→ **Records supplied**
■ ■ ■ ■ ■ ■ ■

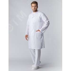 Халат мужской Симпл-001 (ткань Смесовая,120) MedLine, белый темно-синий, 56-58 170-176
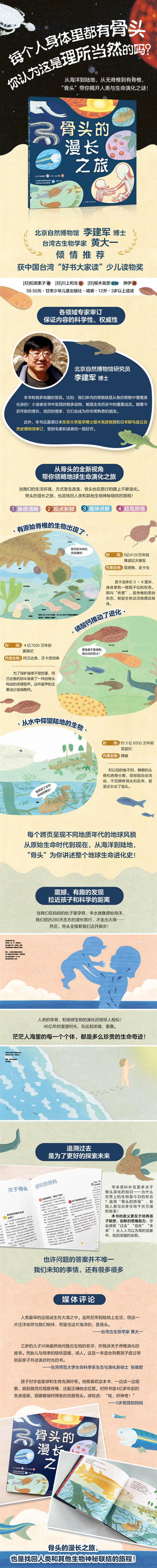 人类的远祖诞生在大海,后来来到陆地上。这一切都是因为骨头!当生活环境、方式发生改变,骨头也在旅行的路上不断变化。有趣的是,宝宝在妈妈肚子里的孕育过程,和几十亿年前地球生命演化历程惊人相似! 这本书从骨头的视角,用全新的方式讲述生物进化史。亲切、有趣的角度拉近孩子和科学的距离,同时告诉孩子关于每个人出生的秘密:你像鱼宝宝一样从大海中来,在骨头的支撑下迈开脚步。每个来到世上的生命,都是珍贵的奇迹! 《骨头的漫长之旅》向小朋友们讲述地球上生命的形成和发展历史。还能知道,我们体内的骨骼就是从鱼的骨骼中慢慢演化来的!你在书中发现的很多动物,都是我们生命历史中的重要成员。随着今后年龄的长大,阅读书籍的增多,它们会成为你非常熟悉的朋友。
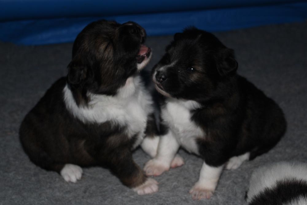Unser C-Wurf ist 7 Wochen alt. Inzwischen haben die Welpen zum Toben und Spielen den größeren Auslauf bezogen. Auch haben sie nun ein Halsband um und fanden es nach wenigen Minuten schon ganz normal.
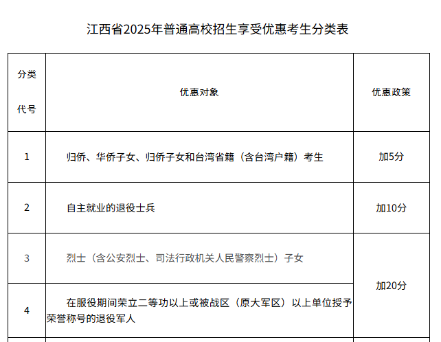 江西高考加分政策最新规定显示:烈士子女加20分、自主就业的退役士兵加10分等,详细加分项目可在正文查阅。
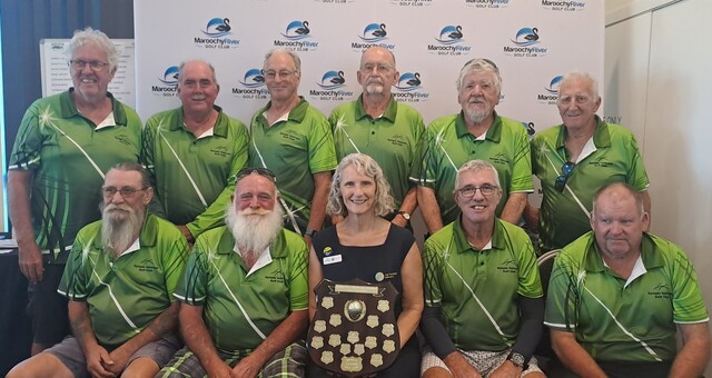 The winning Gympie team were (back from left) Max Tompkins, Glenn Irwin, Scott Sommerville, Tim Coogan, Ken Wilkins and Greg Mitchell, and (front) Geoff Barling, Ian Barling, the sponsor representative, Peter Ovens and Glen Fallon, who brought the district trophy back to Gympie last week. (Supplied)
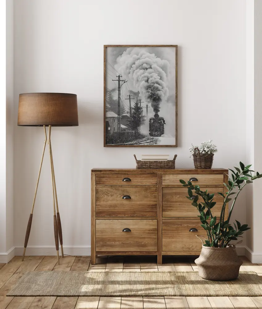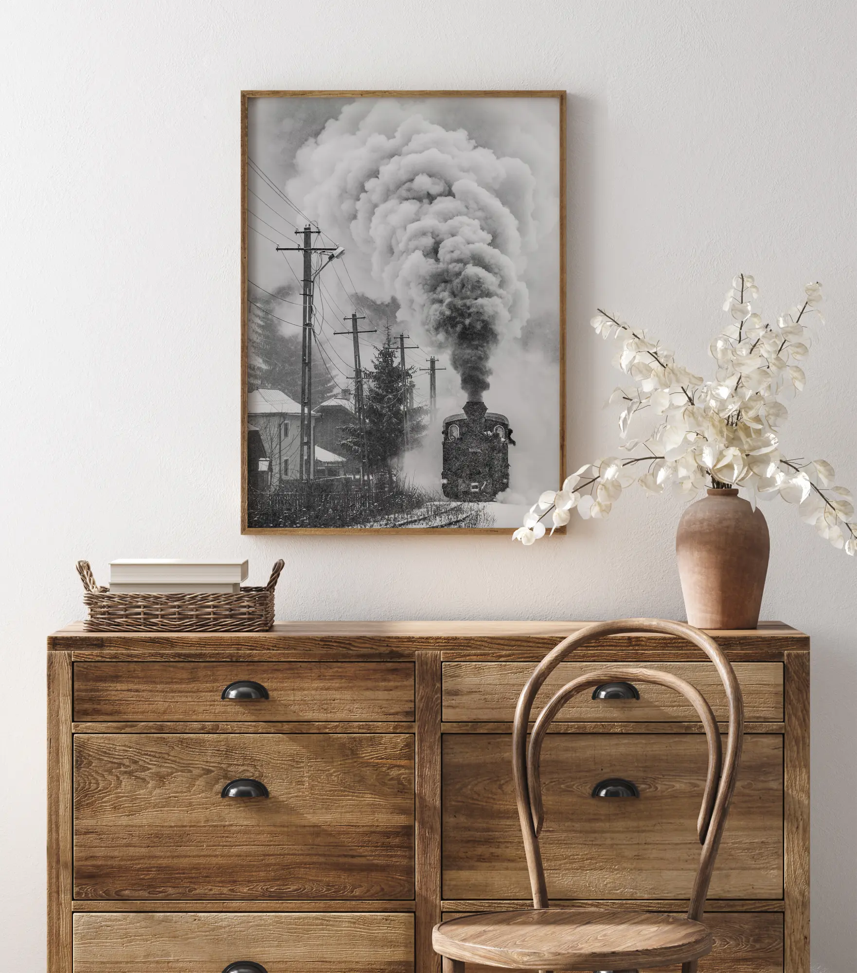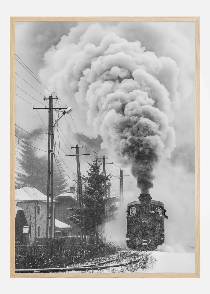 Egy drámai poszter egy gőzmozdonyról hóban. Engedd, hogy magával ragadjon a kép epikája, amint a füst magasra száll. Varázsolj karácsonyi hangulatot, amikor ezt a posztert felakasztod a falra.

■ ■ ■ ■ ■ ■ ■

→ **Requirement**
Give back the full listing exactly as written, only without its pictures.

→ **Result**
 Халат мужской Симпл-001 (ткань Смесовая,120) MedLine, белый темно-синий, 56-58 170-176
 人类的远祖诞生在大海,后来来到陆地上。这一切都是因为骨头!当生活环境、方式发生改变,骨头也在旅行的路上不断变化。有趣的是,宝宝在妈妈肚子里的孕育过程,和几十亿年前地球生命演化历程惊人相似! 这本书从骨头的视角,用全新的方式讲述生物进化史。亲切、有趣的角度拉近孩子和科学的距离,同时告诉孩子关于每个人出生的秘密:你像鱼宝宝一样从大海中来,在骨头的支撑下迈开脚步。每个来到世上的生命,都是珍贵的奇迹! 《骨头的漫长之旅》向小朋友们讲述地球上生命的形成和发展历史。还能知道,我们体内的骨骼就是从鱼的骨骼中慢慢演化来的!你在书中发现的很多动物,都是我们生命历史中的重要成员。随着今后年龄的长大,阅读书籍的增多,它们会成为你非常熟悉的朋友。
Unser C-Wurf ist 7 Wochen alt. Inzwischen haben die Welpen zum Toben und Spielen den größeren Auslauf bezogen. Auch haben sie nun ein Halsband um und fanden es nach wenigen Minuten schon ganz normal.
 江西高考加分政策最新规定显示:烈士子女加20分、自主就业的退役士兵加10分等,详细加分项目可在正文查阅。
 The winning Gympie team were (back from left) Max Tompkins, Glenn Irwin, Scott Sommerville, Tim Coogan, Ken Wilkins and Greg Mitchell, and (front) Geoff Barling, Ian Barling, the sponsor representative, Peter Ovens and Glen Fallon, who brought the district trophy back to Gympie last week. (Supplied)
 Egy drámai poszter egy gőzmozdonyról hóban. Engedd, hogy magával ragadjon a kép epikája, amint a füst magasra száll. Varázsolj karácsonyi hangulatot, amikor ezt a posztert felakasztod a falra.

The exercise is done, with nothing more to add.